Anti-bacterial soaps, like hand sanitizer: we kill the good and bad bacteria when we use anti-bacterial soap. These soaps can also contain toxic chemicals like phthalates, parabens, sulfates and triclosan. Triclosan is a chemical that studies have found interferes with animals' thyroid function and could contribute to humans' resistance to antibiotics.
Chemical cleaners:There are now more than 80,000 chemicals used in the U.S., and many have not been thoroughly tested for how they can impact human health. Experts believe conventional cleaning products contain dozens of toxic chemicals — from phthalates to perchloroethylene, or PERC, a chemical found in carpet cleaners. 2-Butoxyethanol is a "glycol ether" and the main ingredient in many window cleaners. According to the Centers for Disease Control and Prevention (CDC), it can harm the eyes, skin, kidneys and blood.
Wipes:Cleansing wipes can be convenient when tidying up — they'll kill harmful germs. But they can also be problematic by destroying the good bacteria in addition to the bad. Moreover, they could also lead to allergic reactions or sensitivities that harm the skin. Wipes often contain a disinfectant chemical called quaternary ammonium compounds, also known as QACs or "quats," which can be a problem. Overusing quats could result in superbugs or antibacterial-resistant bacteria that our immune systems can struggle to fight off.
Bleach:A study found parents who used bleach to clean at least once a week had higher rates of infections, including respiratory ones. The children had a greater risk of having the flu at least once in the prior year and a higher risk of tonsillitis.

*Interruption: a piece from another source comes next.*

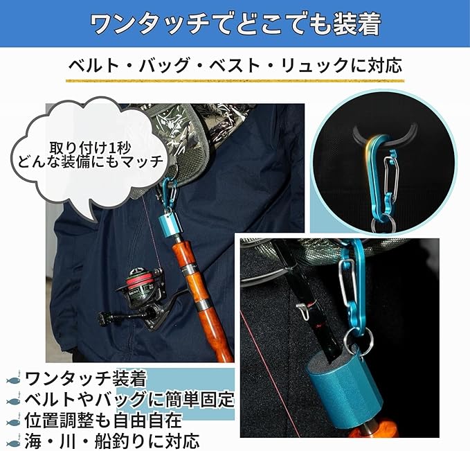【カラビナで簡単装着・幅広い対応】付属のカラビナでワンタッチ取り付けが可能です。ベルト、ライフジャケット、ゲームベスト、リュック、ウエストポーチなど、あらゆる装備に固定できます。装着位置を自由に調整できるため、釣り場の状況や体勢に合わせて最適な位置でロッドを保持することが可能です。カラビナ部分もアルミニウム素材を採用しており、軽量ながら強度が高く、長時間の使用にも耐えます。川釣り、海釣り、湖、管理釣り場、船釣りなどあらゆるシーンに対応し、ライトゲーム、トラウト、アジングなどの軽量タックルに最適です。初心者からベテランまで使いやすい設計です。

Like hand sanitizer and anti-bacterial soaps, bleach has been shown to suppress the immune system, which could make getting sick more likely.
Makeup and personal care products:Parabens are one of the most common preservatives used in cosmetics and are easily absorbed into the body. One study found that almost half of cosmetic products like lipstick, nail polish, shampoos and conditioners contain possibly harmful chemicals, especially phthalates or endocrine-disrupting chemicals.

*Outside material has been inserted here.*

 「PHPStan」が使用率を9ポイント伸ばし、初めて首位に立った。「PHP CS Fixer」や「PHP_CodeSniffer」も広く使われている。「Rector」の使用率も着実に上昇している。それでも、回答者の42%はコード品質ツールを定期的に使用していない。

Ways To Support the Immune System
While we can't control everything we're exposed to, we can control the products we use in our home – this is a great place to start.
Always check labels. When you buy cleaning products, scrutinize labels for chemical ingredients like phthalates. Be wary of labels that list "fragrance" without breaking down ingredients. There are an increasing number of "green" brands of household products that are organic, non-toxic and better for the environment. You can also consult the Environmental Protection Agency's (EPA)Safer Choice program, where you can see if a cleaner meets EPA guidelines. Other resources include the Environmental Working Group — which gives product letter grades based on toxicity — and Made Safe.
Make your own natural household products. With a few everyday household items you most likely have in your pantry, making your own non-toxic household cleaning products is another great option. White vinegar, baking soda and an essential oil like tea tree oil can make a great all-purpose kitchen cleaner. For dish and hand soap, you could dilute castile soap with water and add citrus essential oils for a natural fragrance.
As you work to lower your toxic load by reducing exposure to harmful household products, keep in mind the many other lifestyle habits that support your immune system. Get regular exercise, adequate sleep, and prioritize a whole-food diet rich in fruits and vegetables. We can't avoid exposure to all of the toxins around us, but we can significantly support our immune health by focusing on the elements within our control.